_AIM OF THE TASK_
Print exactly the lines that run from the opening line of the material through the line with "ASOS DESIGN satin", and nothing else, leaving out pictures.
*****
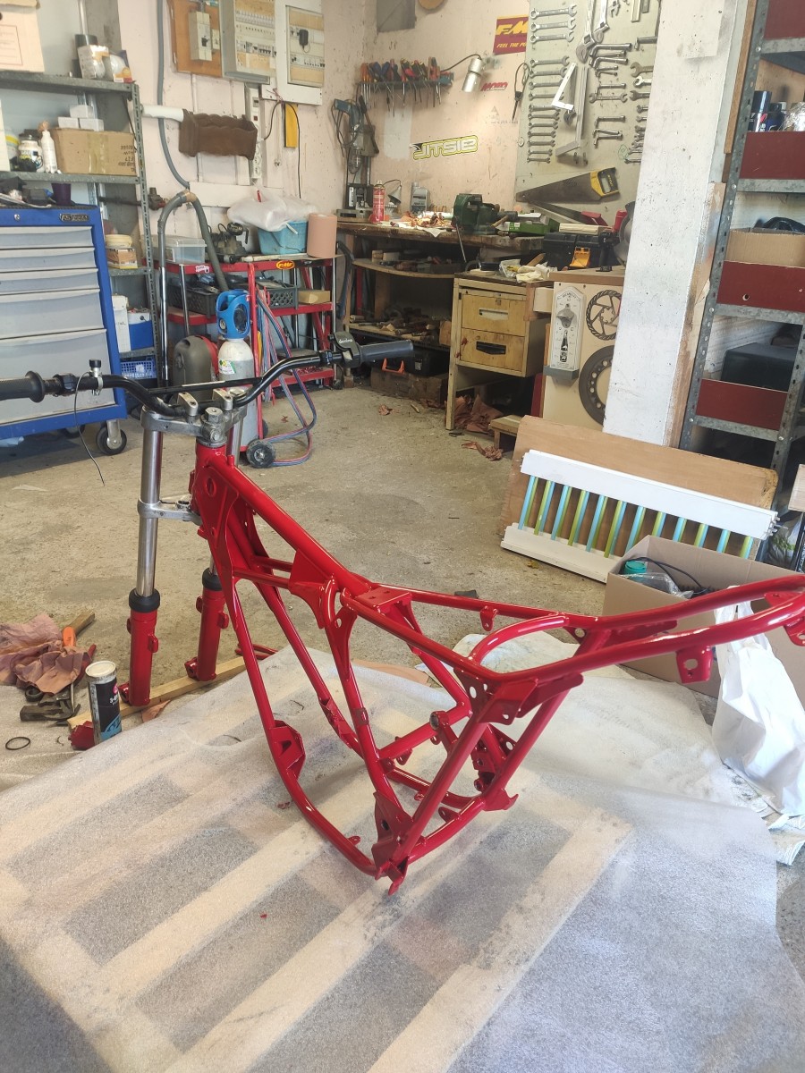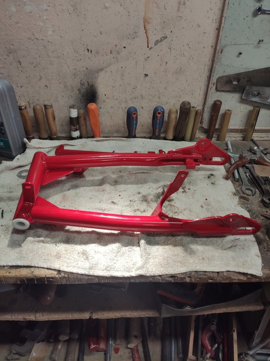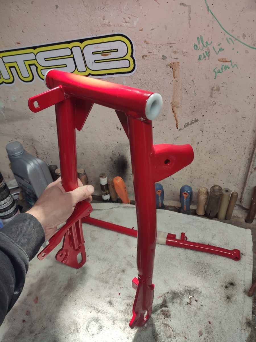 Pour commencer, on envoie la cadre (fournie par Rerou), la béquille, le bras oscillant et les tubes de fourche chez une entreprise de peinture indus avec qui j'ai l'habitude de travailler.
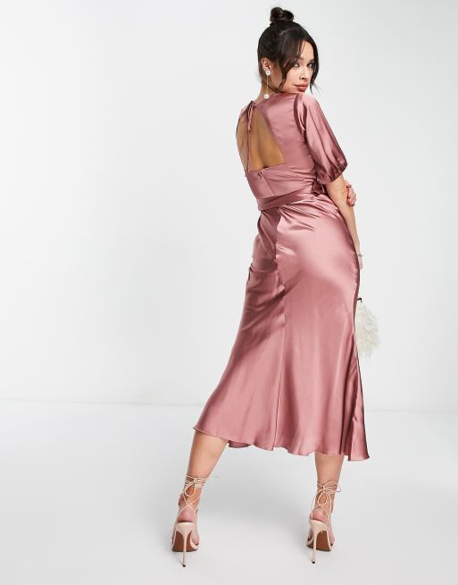 ASOS DESIGN satin bias midi tea dress with belt in dark blush
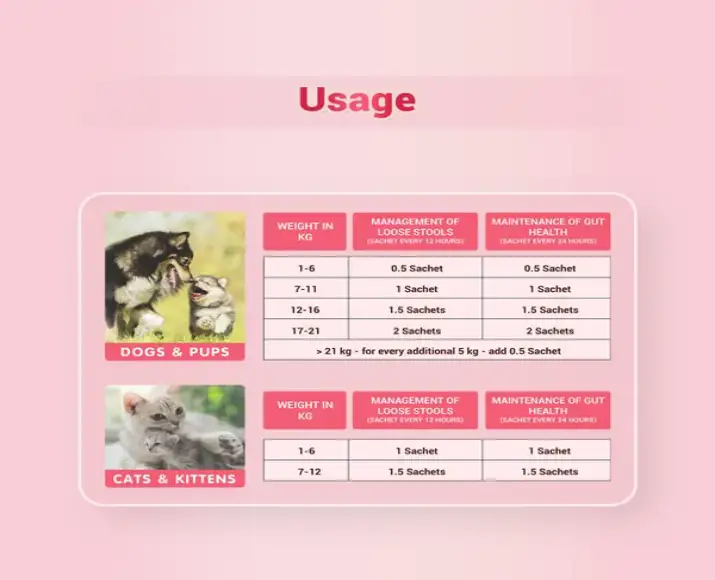 How to Use: Open the sachet and mix the granules thoroughly with regular food, ensure fresh drinking water is available at all times, duration of use may vary depending on condition or as advised by a veterinarian.
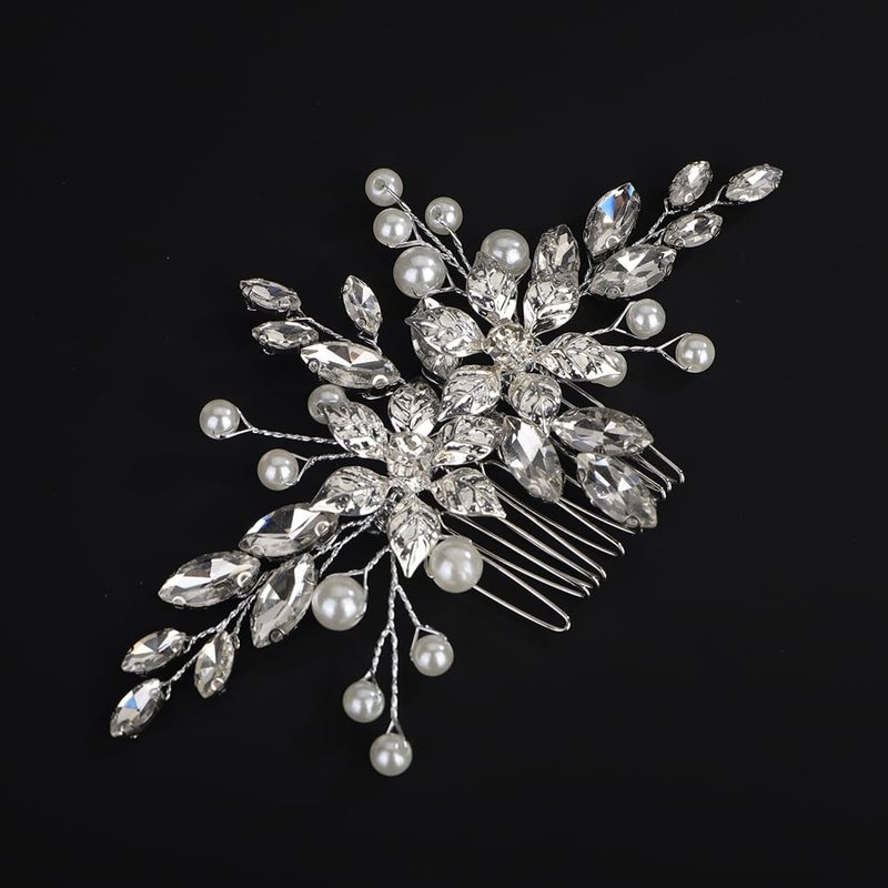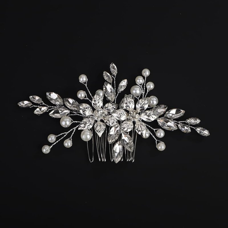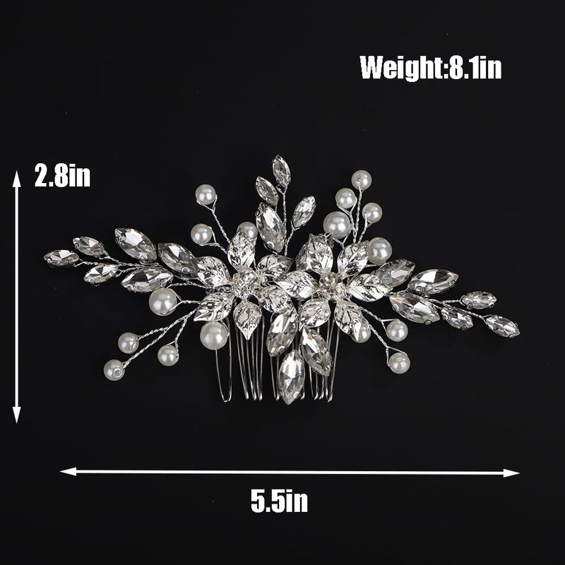 - Premium Materials:Crafted with rhinestones,pearls,and crystals,this hair comb is designed to last and maintain its brilliant shine. Size:the silver rhinestone wedding hair comb is 5.5inch in length,2.8inch in width.
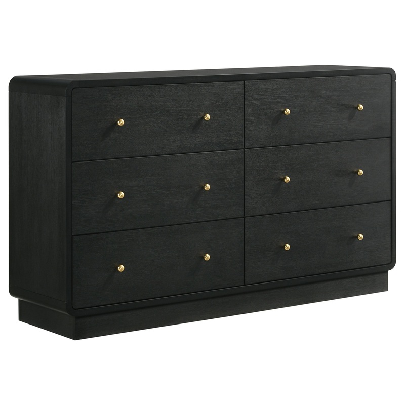 Complement a stylish bedroom with the abundant storage featured in a modern six-drawer dresser. Delivering a sophisticated presentation, it boasts a black finish over melamine surfaces that resist damage to remain looking their best. Ball knobs complement each drawer front, standing out with a rich, warm brass finish. The case of the dresser features rounded corners, softening the overall presentation of the dresser. A wide top is ideal for jewelry boxes and decor that lends a personalized touch.
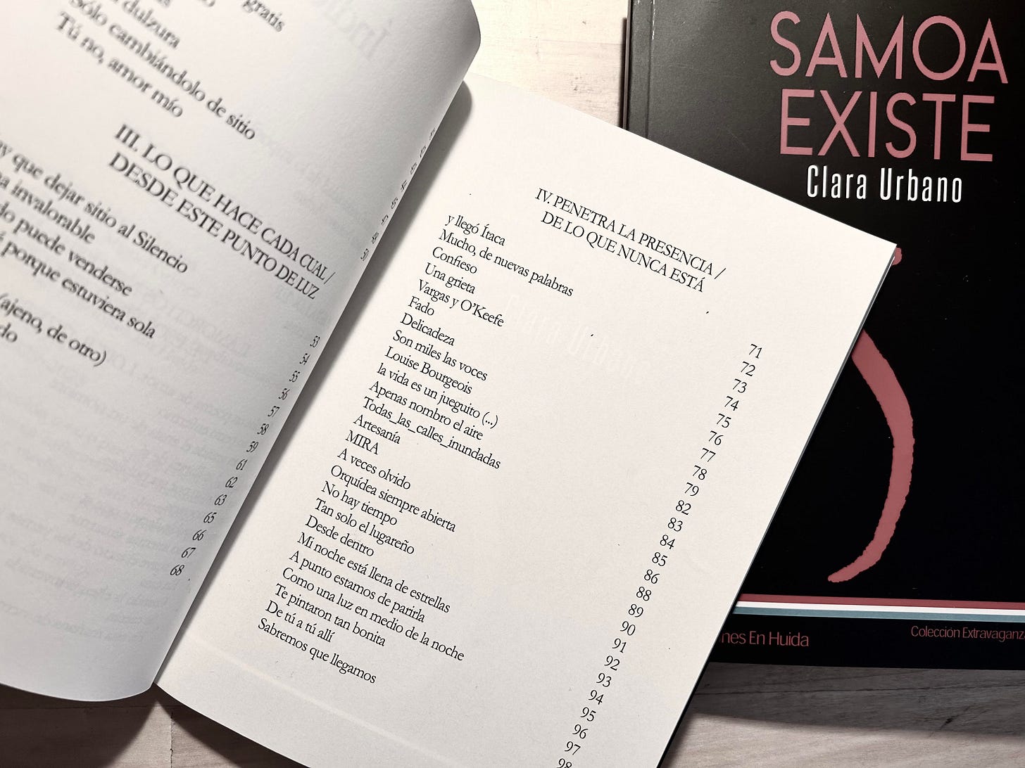 A la venta el día de la presentación y online en Ediciones en Huida: https://www.edicionesenhuida.es/producto/clara-urbano-poesia-samoa-existe/
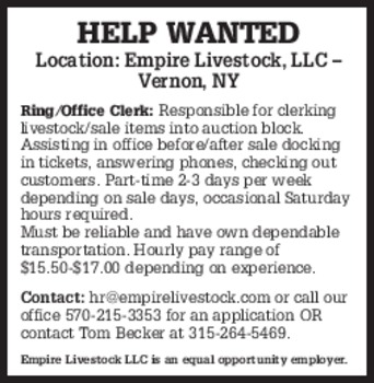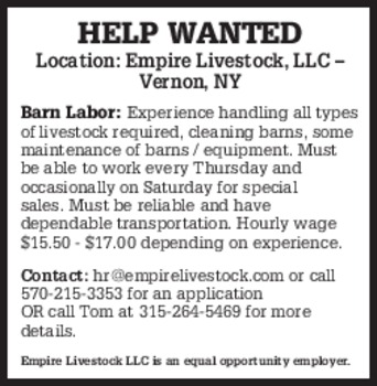 PART TIME DAIRY Farm Help wanted. Morning and or evening milkings. Experience a plus but not necessary. We are willing to train the right individual. Call or text with name and information. 607-434-6440
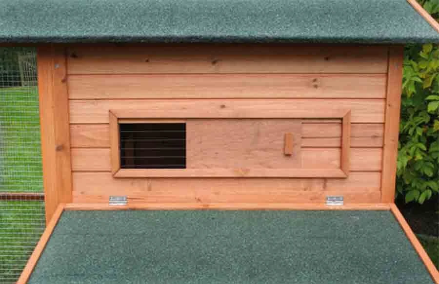 De plus, le pondoir est accessible de l’extérieur pour pouvoir ramasser les oeufs sans affoler les poules.
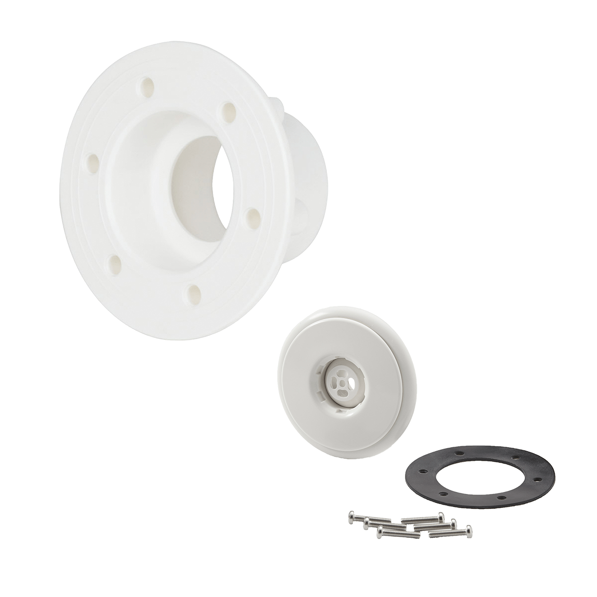 Set bestehend aus Einströmdüse, Anschlussstück PT mit Klebeanschluss d50/63, 2 Flachdichtungen und PT-Schraubenset.
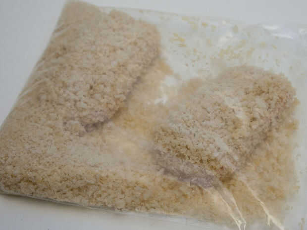 2. Llene una bolsa con la harina y otro con el pan rallado panko.
*****
_SOLUTION FOR THIS TASK_
 Pour commencer, on envoie la cadre (fournie par Rerou), la béquille, le bras oscillant et les tubes de fourche chez une entreprise de peinture indus avec qui j'ai l'habitude de travailler.
 ASOS DESIGN satin bias midi tea dress with belt in dark blush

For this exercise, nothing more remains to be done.